MAR-05 RR:CR:SM 561968 NL


Port Director
U.S. Customs Service

RE: Protest No. 1101-00-100158 ; Validity of Certificate of Origin; 19 CFR §181.22(b)(2); Power of Attorney; Opportunity for Correction; 19 CFR §181.22(c)

Dear Port Director:

This office has considered the application for further review of Coastal Eagle Point Oil Co. (Coastal) regarding the above-referenced protest. Our decision follows.


The protest concerns a shipment of crude oil claimed to be eligible for preferential tariff treatment under the North American Free Trade Agreement (NAFTA) as a product of Canada. The basis of the claim was that the crude was wholly obtained from the Hibernia field in Canadian offshore waters. At issue in this protest is the sufficiency of the Certificate of Origin.

The crude was imported at the Port of Philadelphia on February 11, 2000, under a declared claim of NAFTA Preference as a good of Canada. The exporter was Mobil Canada. The importer of record was Coastal Eagle Point Oil Company (Coastal).

On March 9, 2000, Customs requested that Coastal submit a Certificate of Origin for the shipment, as well as proof of the date that Coastal Eagle first received the certificate.

The protest record indicates that in response to this request Coastal Eagle supplied a document, dated February 6, 2000, styled as a “Certificate of Origin”. The document was signed by an official of Newfoundland Transshipment Limited and issued on the letterhead of that entity. Coastal Eagle advised in its memorandum accompanying the Protest that Newfoundland Transshipment Limited is the operator of the terminal at St. John’s, Newfoundland, through which Mobil Canada Midstream Services exported the crude oil in question. The document was not on Customs Form 434, and subsequent inquiries indicated that the alternative format had not been approved by Customs.

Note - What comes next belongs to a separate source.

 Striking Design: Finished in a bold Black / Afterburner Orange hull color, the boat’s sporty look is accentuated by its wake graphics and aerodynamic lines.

The document stated that the consignor was Mobil Canada Midstream Services, and that the consignee was Mobil Sales and Supply Corp. to the order of Coastal States Trading, Ltd. The document included a certification that “the goods originated in one or more of the parties, and comply with origin requirements specified for those goods in the North American Free Trade Agreement..”

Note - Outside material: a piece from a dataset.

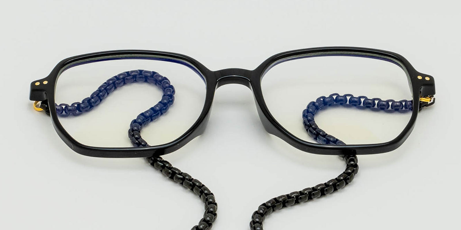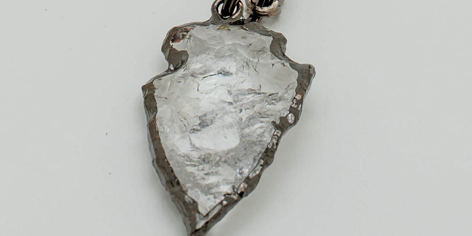 Square plastic frames.Gunmetal chain. Gunmetal plated clear quartz arrowheads.

The Protestant asserts that it received the “Certificate of Origin” by fax on February 6, 2000. It was used together with related documents at importation on February 11, 2000, in support of Coastal’s declaration of eligibility for NAFTA preferential treatment.

On March 22, 2000, Customs issued a CF 29 Notice of Action to Coastal Eagle stating that the “Certificate of Origin” was not acceptable because in its alternative format it did not contain the same information as set forth in the uniform CF 434. Customs also stated that the certificate must be executed by the exporter or by a party with a power of attorney from the exporter.

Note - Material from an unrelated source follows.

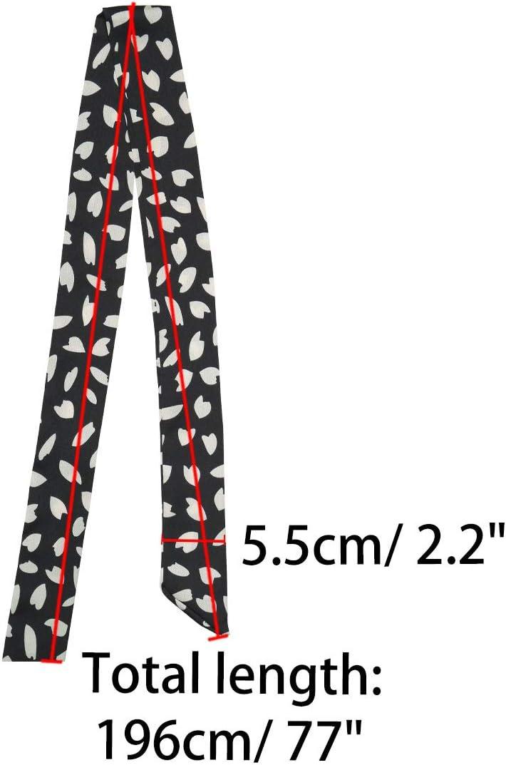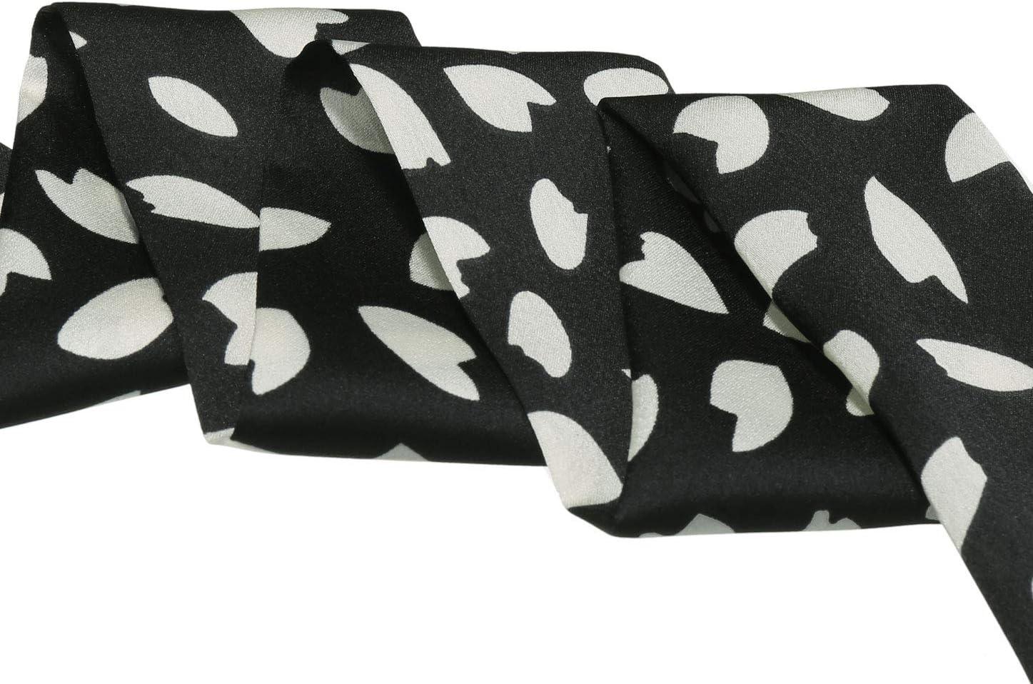 Allegra K Women Skinny Ribbon Neckerchief Heart Pattern Narrow Hair Wrist Scarf Headband Handbag Handle Wrap(Black Floral)

This March 22, 2000 CF 29 Notice further advised that Coastal’s NAFTA claim would be denied if Coastal failed to provide a valid Certificate of Origin. Customs warned that unless a valid certificate was submitted within five days, the NAFTA claim would be denied. The Notice specified that “a corrected Certificate must be received by this office within 5 working days (by COB March 29, 2000).”

On March 29, and within the time period requested by Customs, Coastal Eagle submitted a CF 434 dated March 28, 2000, and executed by the Crude Oil Operations Manager of ExxonMobil. ExxonMobil is the parent company of Mobil Canada Midstream Services. This CF 434 indicated that the exporter was not the producer, and that its claim was based on all three of the grounds indicated on the instructions to the CF 434: the exporter’s knowledge of qualifying status; the exporter’s reliance on the producer’s written representations; and a completed and signed Certificate of Origin supplied by the producer.

On March 31, Customs by a CF 29 Notice of Action advised Coastal Eagle that its NAFTA claim was denied. Customs stated that the resubmitted Certificate was invalid because it was not signed by the exporter of record. The CF 6445A prepared in connection with this protest also stated that the document was invalid because the signatory did not have a power of attorney.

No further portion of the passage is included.